__Your task__: Write the listing out again word for word, leaving each picture behind.

===============

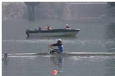
女子シングルスル優勝

【全国高校選抜ボート大会 天竜ボートコース 3月18～20日】 史上初 3 種目全国制覇!
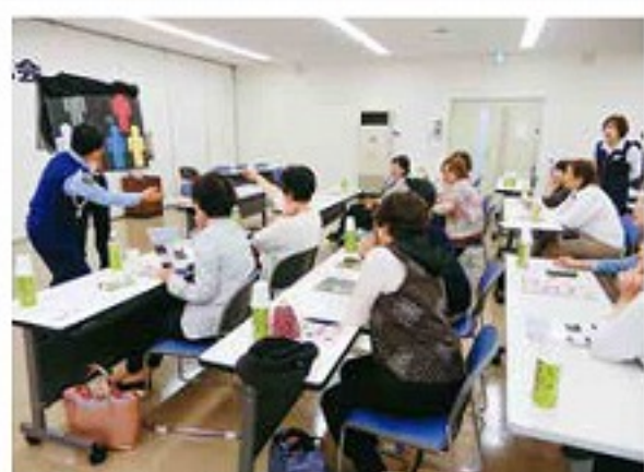
交通安全と特殊詐欺被害防止対策の講習会

介護サービス、七夕のつどいやクリスマス会といったミニデイサービスを展開し、地域の高齢者同士の交流の場を提供していくことを申し合わせました。
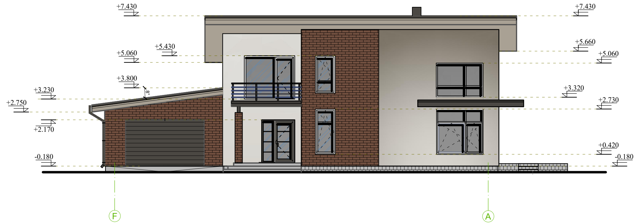
FASADAS TARP AŠIŲ F-A M 1:100
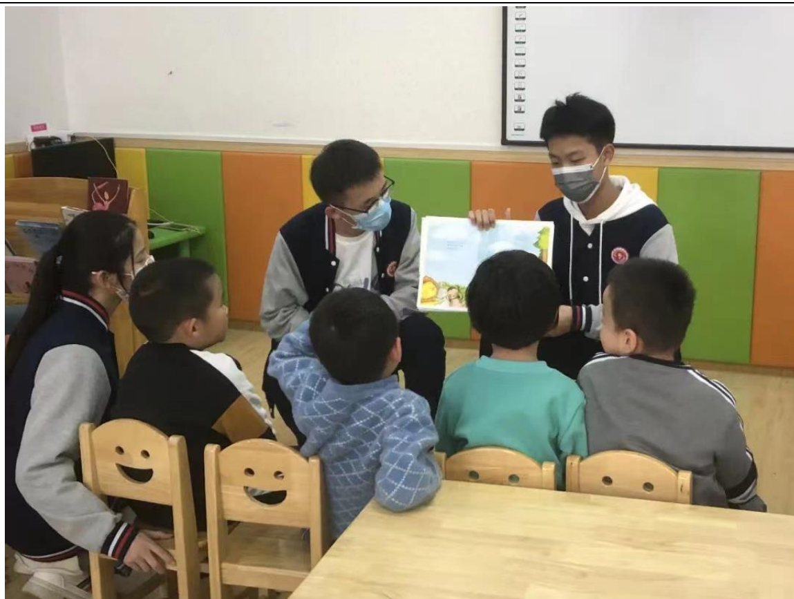
图 4-6 临沂艺术学校学生与康复中心小朋友互动

===============

__Solution__:
女子シングルスル優勝

【全国高校選抜ボート大会 天竜ボートコース 3月18～20日】 史上初 3 種目全国制覇!
交通安全と特殊詐欺被害防止対策の講習会

介護サービス、七夕のつどいやクリスマス会といったミニデイサービスを展開し、地域の高齢者同士の交流の場を提供していくことを申し合わせました。
FASADAS TARP AŠIŲ F-A M 1:100
图 4-6 临沂艺术学校学生与康复中心小朋友互动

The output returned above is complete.